Tehrany began his practice of orthopedic surgery in Staten Island and was a lecturer, teaching minimally-invasive surgery techniques at national and international orthopedic surgery conferences. In 2004, Tehrany joined the faculty of the Department of Orthopedic Surgery at the Mount Sinai School of Medicine in New York City. In 2005, he opened his Manhattan office on Madison Avenue.

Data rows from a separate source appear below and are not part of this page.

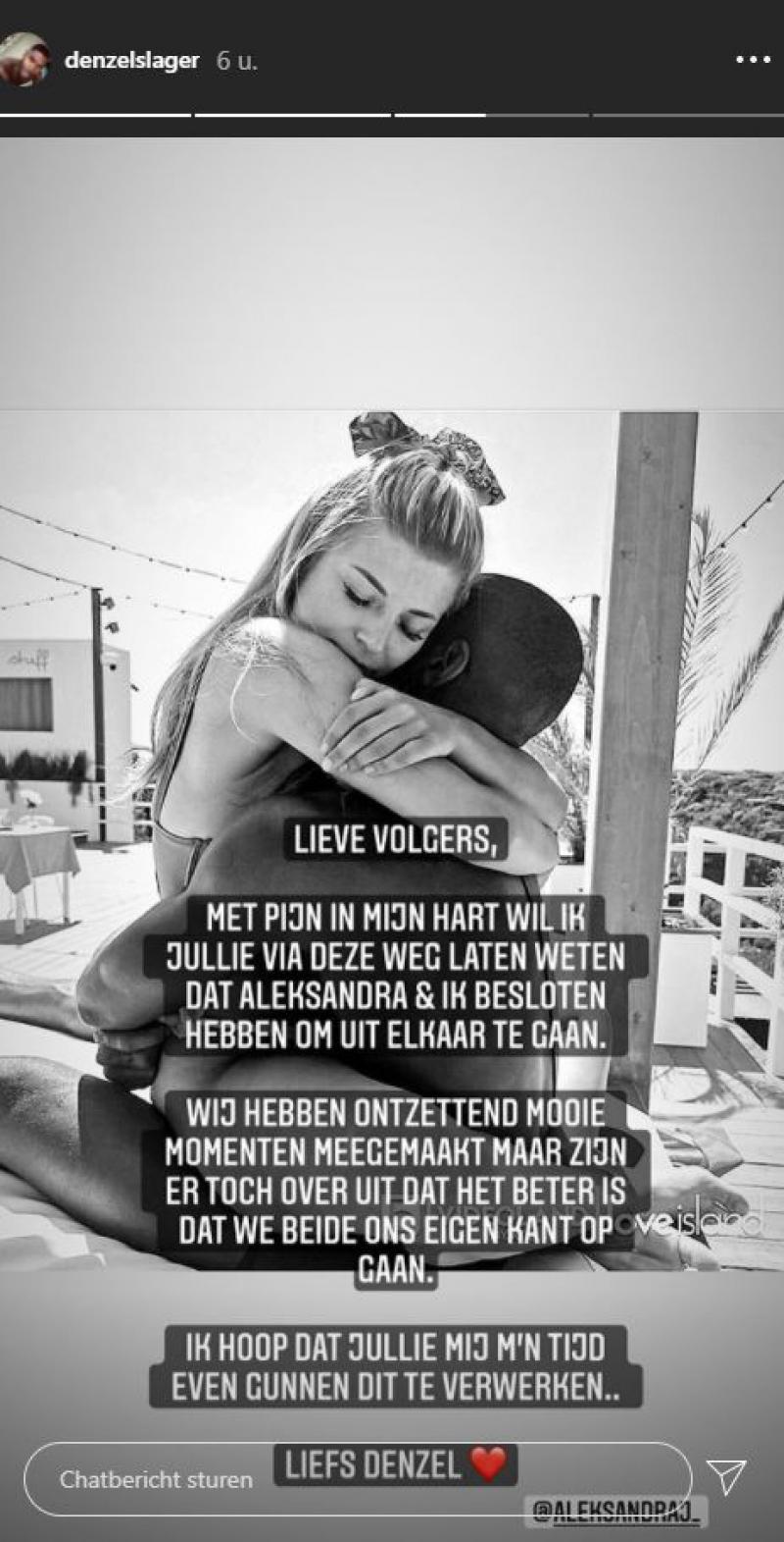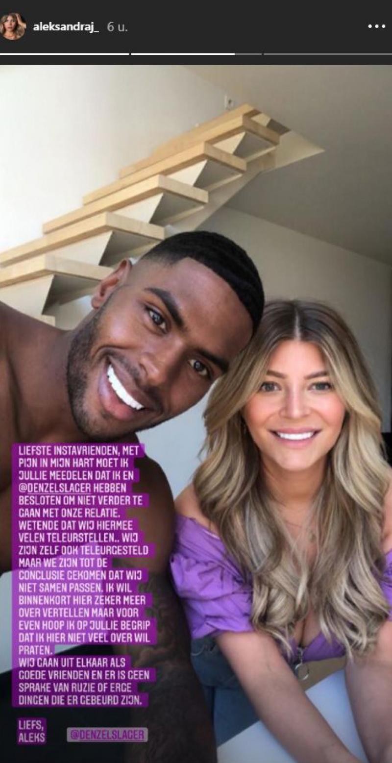 Aleksandra benadrukt op Instagram dat ze als vrienden uit elkaar gegaan zijn. Met pijn in het hart moet ik jullie meedelen dat ik en Denzel besloten hebben om niet verder te gaan met onze relatie. We weten dat we hiermee velen teleurstellen. We zijn zelf ook teleurgesteld, maar we zijn tot de conclusie gekomen dat we niet samen passen. Ik wil hier binnenkort zeker meer over vertellen, maar voor even hoop ik op jullie begrip dat ik hier niet veel over wil praten. Wij gaan uit elkaar als goede vrienden en er is geen sprake van ruzie of erge dingen die er gebeurd zijn, schrijft ze.
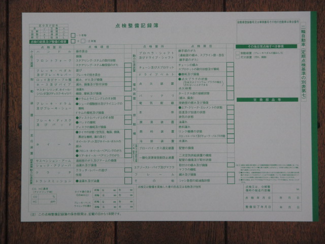 国の認証整備工場なので点検整備記録簿「健康診断記録」交付させて頂いています。
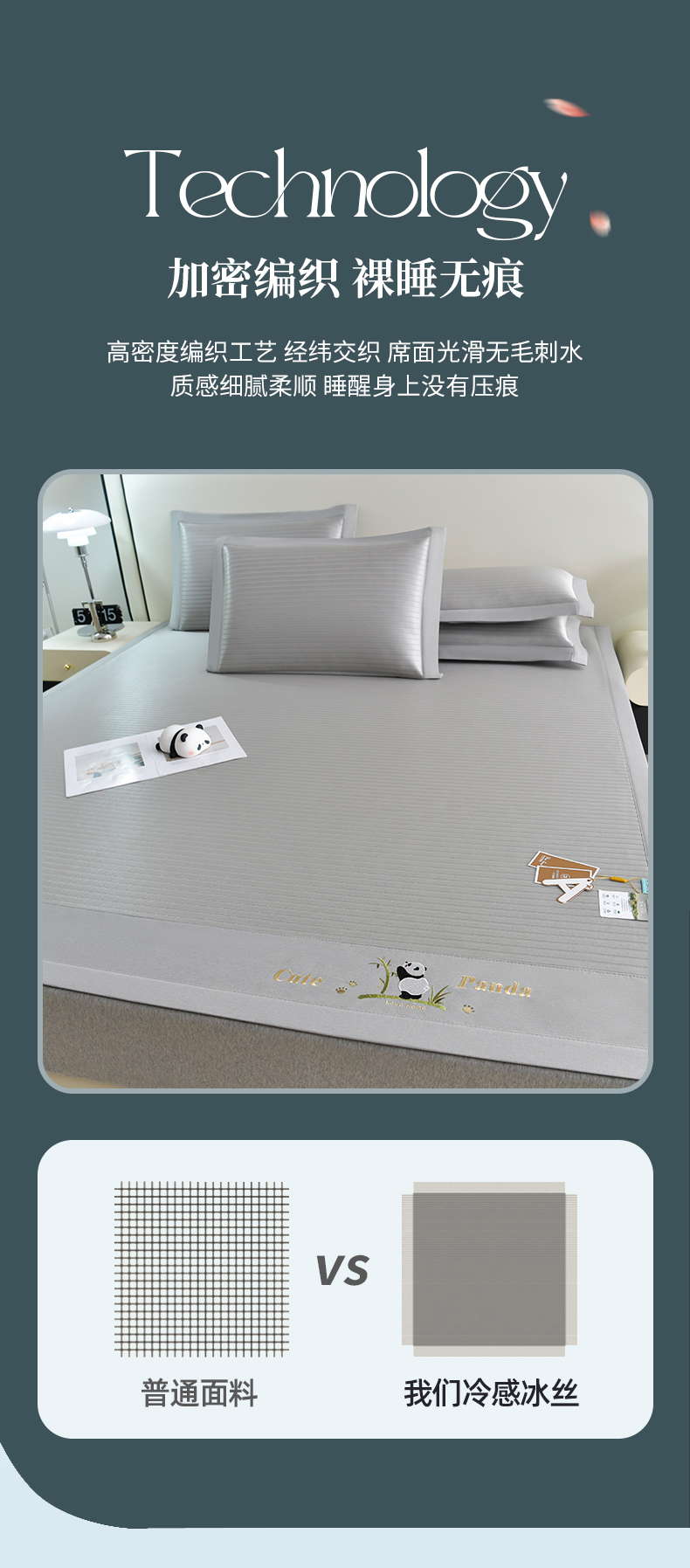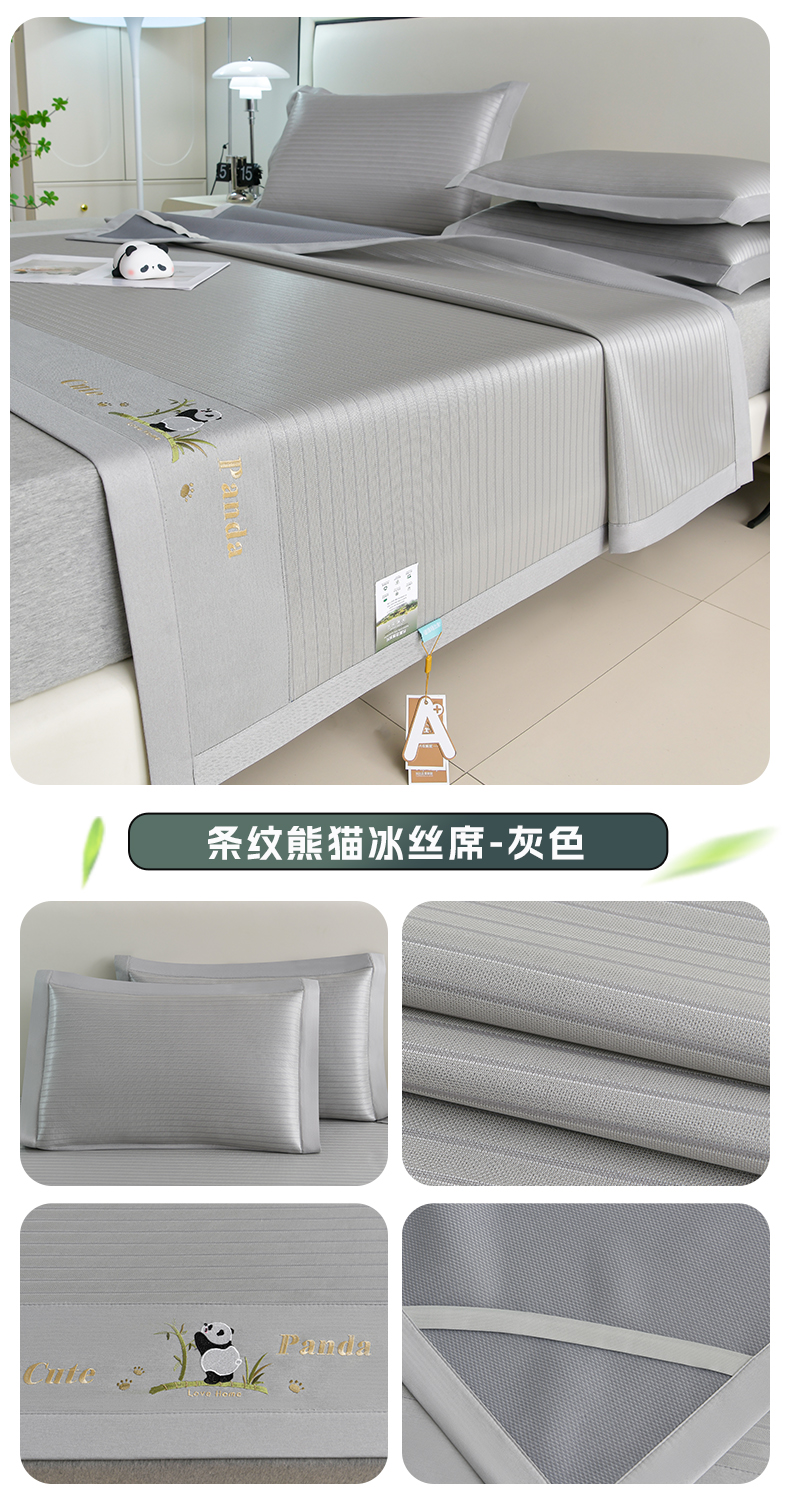 商品名称:小牛席业 2026新款条纹爱家熊猫冰丝席藤席冰藤席冰丝席可机洗凉感冰丝席豆豆席PE霸王 粉色
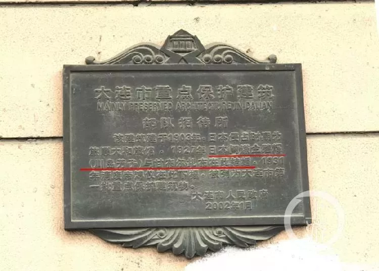 門口“大連市重點保護建筑”牌子,介紹了這棟建筑的歷史及舊貌:“該建筑建于1903年,日本侵占時期為旅順大和旅館。1927年日本間諜金碧輝(川島芳子)與蒙古王爺之子甘布爾扎布在此結(jié)婚。1931年清廢帝溥儀在此下榻。被列為大連市第一批重點保護建筑物?!?/p>
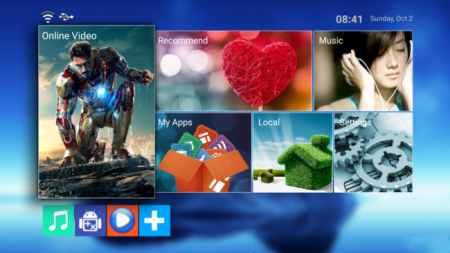 По интерфейсу, насколько я понимаю, SCISHION не стали адаптировать Android TV, вместо этого приставка использует обычный Android с кастомным лаунчером, поэтому интерфейс достаточно простой, но, как минимум красочный: на экране отображаются несколько крупных «плиток», предназначенных для подразделов вроде «Онлайн видео», «Локальный контент» и так далее, сами подразделы пустые, добавить в них приложения по вкусу — ваша задача.
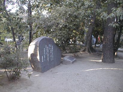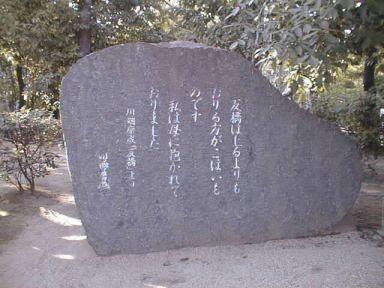 文学碑。この背後に「反橋」があるが、木々に隠れて見えない。
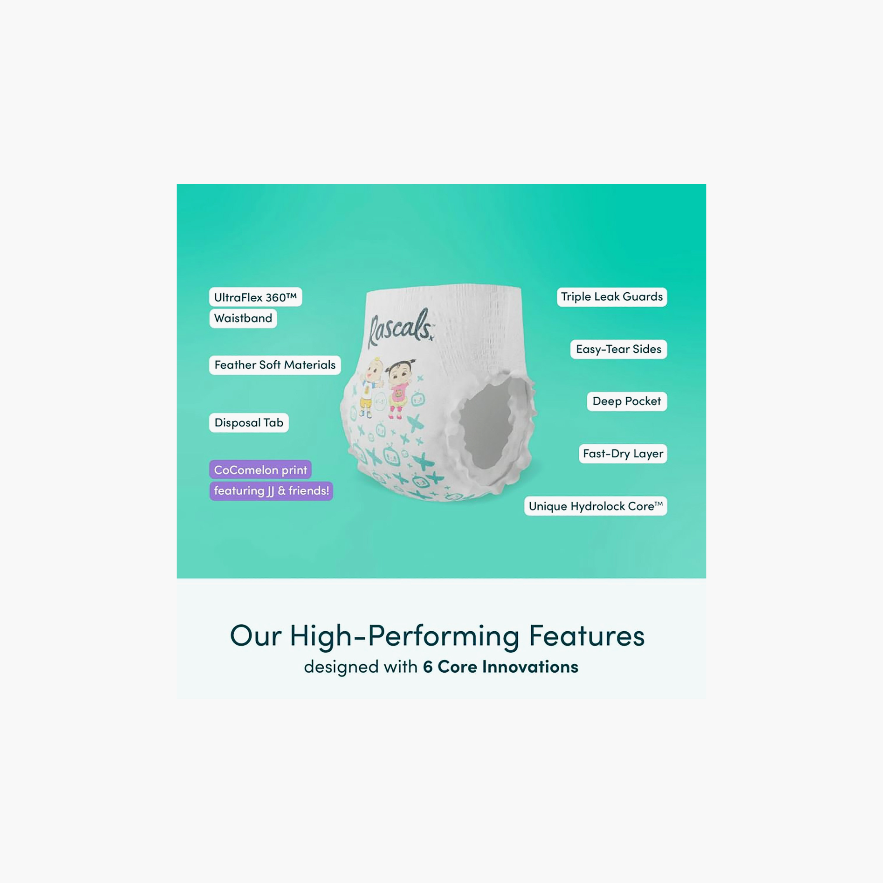 Introducing the Rascals 44-Piece CoComelon Edition Training Nappy Pants in Size 6, designed for toddlers weighing 15-20 kg. These limited edition training pants feature fun prints of JJ & friends from CoComelon, making potty training an exciting adventure. Engineered with 6 Core Innovations, they ensure fewer blowouts and less mess, reducing stress for parents. The UltraFlex 360 Waistband provides a comfortable fit with over 15 elastic pieces, while the Quick-Change Features, including easy-tear sides and a disposal tab, make changes swift and simple. The Easy On & Off Design mimics underwear, aiding the transition to potty training. Crafted with AirSpun Softness, these pants are feather-soft and gentle on sensitive skin. The Unique Hydrolock Core offers up to 12 hours of leak protection, holding up to 25x its weight. Dermatologist tested and OEKO-Tex certified, they are free from harmful substances, ensuring safety for your child.

==Professional career and awards==
Tehrany is an assistant clinical professor of orthopedic surgery at the Icahn School of Medicine at Mount Sinai in New York City, where he teaches medical students, orthopedic residents, and the shoulder fellows. He is a member of the Arthroscopy Association of North America and the American Academy of Orthopedic Surgeons. He serves on the board of directors for the New York State Society of Orthopedic Surgeons, as well as the Physicians Advisory Board for the New York County Medical Society. He also serves on the board of directors of the New York University Alumni Association. His interests involve the development of minimally invasive techniques in the management of shoulder and cartilage disorders. His orthopedic research interests began at the Hospital for Special Surgery where he first published work on cartilage metabolism in 1993. He serves as a journal peer reviewer for Arthroscopy: the Journal of Arthroscopic and Related Surgery.

He won awards for his work:

- “Best Doctors”, New York Magazine, 2015 and 2016
- "Top Doctors", Super Doctors, 2015 and 2016
- "Top Doctors", Castle Connolly Medical Ltd., Orthopedic Surgery, 2014, 2015, 2016 and 2017

Since 2018, he's been serving as a NYPD honorary surgeon.

==Publications==
Tehrany has published and presented his research at local, national, and international meetings on topics involving the shoulder, hip, and spine. Partial chronological list:

- Callaway, G.H.; O'Brien S.J; Tehrany, A.M.; (1996): Chiari I malformation and spinal cord injury: cause for concern in contact athletes?, Medicine & Science in Sports & Exercise, Vol. 28, Issue 10, p1218-1220
- Torzilli, P.A.; Tehrany, A.M.; Grigiene, R.; Young, E.; (1996): Effects of misoprostol and prostaglandin E2 on proteoglycan biosynthesis and loss in unloaded and loaded articular cartilage explants, Prostaglandins, Vol. 52, Issue 3, p157-173
- Tehrany, A.M.; Burkhart, S.S.; (2002): Massive Rotator Cuff Tears: Results of Arthroscopic Partial Repair (SS-53), Journal of Arthroscopic and Related Surgery, Vol. 18, Issue 5, p43–44
- Burkhart, S.S.; Tehrany, A.M.; (2002): Arthroscopic subscapularis tendon repair: Technique and preliminary results, Journal of Arthroscopic and Related Surgery, Vol. 18, Issue 5, p454–463
- Burkhart, S.S.; DeBeer, J.F.; Tehrany, A.M.; Parten, P.M.; (2002): Quantifying glenoid bone loss arthroscopically in shoulder instability, Journal of Arthroscopic and Related Surgery, Vol. 18, Issue 5, p488–491
- Braman, J.P.; Tehrany, A.M.; Flatow, E.L.; (2005): Rotator cuff repair, The American Journal of Orthopedics, Vol. 34, Issue 6, p267-270
- Richards, D.P.; Burkhart, S.S.; Tehrany, A.M.; Wirth, M.A; (2007): The Subscapularis Footprint: An Anatomic Description of Its Insertion Site, Journal of Arthroscopic and Related Surgery, Vol. 23, Issue 3, p251–254

==Executive producer==

In 2015, Tehrany, became an executive producer of the feature film Birth of A Nation, directed by Nate Parker. The film stars Parker as Nat Turner, the African-American slave who led a slave rebellion of both free and enslaved blacks in Southampton County, Virginia on August 21, 1831, that resulted in 60 white and more black deaths. The film was to make its world premiere in competition at the Sundance Film Festival in 2016, and won the Audience Award and Grand Jury Prize in the U.S. Dramatic Competition. Fox Searchlight Pictures bought worldwide rights to the film in a $17.5 million deal, the largest deal at the film festival to date.

Thirst Street is the second film produced by Tehrany. It is an American-French comedy drama romance film directed by Nathan Silver, from a screenplay by Silver and C. Mason Wells. It had its world premiere at the Tribeca Film Festival on April 21, 2017, and was released on September 20, 2017, by Samuel Goldwyn Films.